Beaver Visitec International voluntarily recalls BVI CustomEyes Procedure Packs containing Sol-M manufactured syringes distributed nationwide.
Procedure packs containing Sol-M manufactured syringes are being voluntarily recalled nationwide. The affected product is part number 58000603.
BVI CustomEyes Procedure Packs containing Sol-Millennium Medical syringes are being voluntarily recalled by the FDA. The affected 1ml Luer Lock and Luer Slip syringes were distributed nationwide.
Beaver Visitec recalls BVI CustomEyes Procedure Packs containing Sol-M manufactured syringes subject to manufacturing defect concerns. 17 units distributed nationwide.
BVI CustomEyes Procedure Packs containing Sol-M manufactured syringes are being voluntarily recalled. The affected packs contain low dead space and luer slip tip 1ml syringes from Sol-Millennium Medical, Inc.
BVI CustomEyes Procedure Packs containing Sol-M syringes are subject to a voluntary recall. The recall affects 148 units distributed in the US.
BVI CustomEyes Procedure Packs containing Sol-M syringes are being voluntarily recalled due to a defect in the syringes.
Beaver Visitec International is recalling BVI CustomEyes Procedure Packs containing Sol-M Luer Lock and Luer Slip syringes due to a voluntary recall initiated by the syringe manufacturer. No illnesses or injuries have been reported.

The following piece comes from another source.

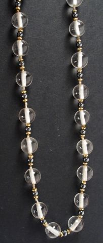 Sautoir et bracelet en perles de verre, perles grises et dorées.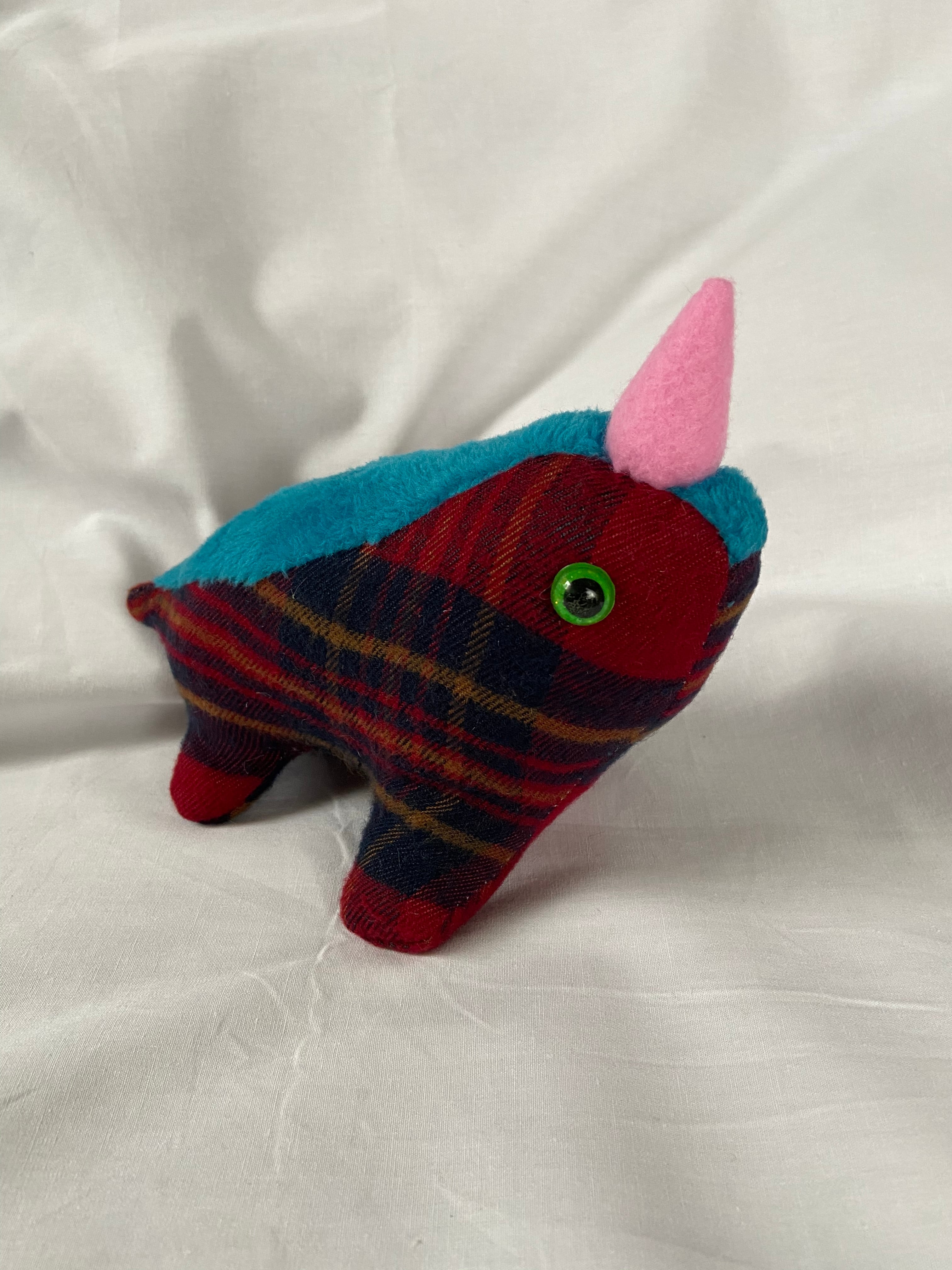 人気のもっちりちゃんです。赤いチェックのボディーが目にも鮮やかですね。ピンクのツノ!!

The FDA has issued a voluntary recall of BVI CustomEyes Procedure Packs containing Sol-M manufactured syringes. Approximately 8 units have been distributed nationwide.
BVI is voluntarily recalling CustomEyes Procedure Packs containing syringes manufactured by Sol-Millennium Medical. A total of 97 units have been distributed nationwide.

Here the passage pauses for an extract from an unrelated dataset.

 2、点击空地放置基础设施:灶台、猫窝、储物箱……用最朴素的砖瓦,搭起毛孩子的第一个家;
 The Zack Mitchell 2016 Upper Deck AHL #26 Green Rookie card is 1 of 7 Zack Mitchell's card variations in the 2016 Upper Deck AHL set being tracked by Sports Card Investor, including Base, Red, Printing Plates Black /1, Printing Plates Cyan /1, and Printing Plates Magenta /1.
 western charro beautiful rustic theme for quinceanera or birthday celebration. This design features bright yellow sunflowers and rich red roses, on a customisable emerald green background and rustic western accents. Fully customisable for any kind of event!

Beaver Visitec International is voluntarily recalling BVI CustomEyes Procedure Packs that contain low dead space and luer slip tip syringes manufactured by Sol-Millennium Medical, Inc.
The FDA is recalling BVI CustomEyes Procedure Packs due to a voluntary recall by Sol-M of syringes within them. The affected product (Part Number 58001423, Lot 6062969) was distributed nationwide.
Beaver Visitec International recalls CustomEyes Procedure Packs because they contain Sol-Millennium Medical syringes subject to a voluntary recall. Fourteen units distributed nationwide.
Beaver Visitec International is recalling 505 CustomEyes Procedure Packs containing Sol-Millennium Medical syringes that are subject to a voluntary manufacturer recall.